De Duits-Georgische samenwerking bleek gunstig voor de Georgische republiek en droeg bij tot het voortbestaan ervan in het turbulente jaar 1918 en het afhouden van zowel de Ottomanen als het Witte Leger van Anton Denikin. De komst van Duitse troepen vanuit de Krim en Syrië in de week rond het afsluiten van het akkoord bleek meteen waardevol. De Duitse Kaukasusexpeditie werd langs de Georgisch-Turkse grens gestationeerd waar ze samen met Georgiërs op 10 juni 1918 in gevecht raakten met Ottomaanse troepen toen deze het district Bortsjalo probeerden te veroveren. Duitse dreigementen om hun steun aan de Ottomanen in te trekken hield hen af van verdere initiatieven in de richting van Zuid-Georgië. Van augustus tot oktober 1918 was een klein aantal Duitse troepen ook in Abchazië en het district Sotsji gestationeerd om de noordwestelijke Georgische grenzen te beschermen tegen aanvallen van het Witte Leger.

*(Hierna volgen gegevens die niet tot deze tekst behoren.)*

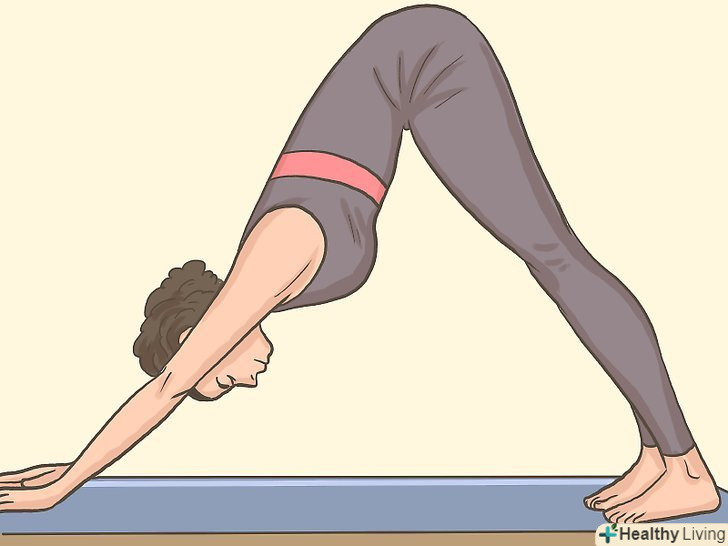 Спробуйте зайнятисяЙогою або Пілатесом . заняття йогою і пілатесом допоможуть розслабитися і підвищити гнучкість тіла, багато з поз йоги орієнтовані на роботу сідничних м'язів. Таким чином, якщо ви будете регулярно займатися йогою або пілатесом, сідничні м'язи можна буде швидко привести в тонус.- Спробуйте виконати позу "собака мордою вниз", а потім позу собаки на трьох лапах. Обома руками і ногами спирайтеся в підлогу, вигніть спину вгору, наскільки зможете. Щоб встати в позу "собака на трьох лапах", підніміть праву ногу в повітря, при цьому ліва нога і обидві руки повинні твердо стояти на підлозі. Тепер поміняйте ноги і виконайте вправу ще раз.

De Duitse troepen zorgden daarnaast ook voor een soepele werking van de spoorwegen en de olieterminals in Batoemi en waren ondersteunend ten aanzien van de Georgische veiligheidsuitdagingen.[19] De aanwezigheid van de troepen zouden de Witten hebben weerhouden van vijandelijkheden, die pas na het vertrek van de Duitsers hervat werden.[20] Op 11 november 1918 capituleerde het Duitse Keizerrijk in de Eerste Wereldoorlog, waarmee ook een einde kwam aan de Duitse bescherming van Georgië en ze zich moest terugtrekken uit het land. De Georgiërs waren na het vertrek van de Duitsers niet blij met de komst van de Britten, die het mandaat kregen over oblast Batoemi, en hadden er een moeizame relatie mee.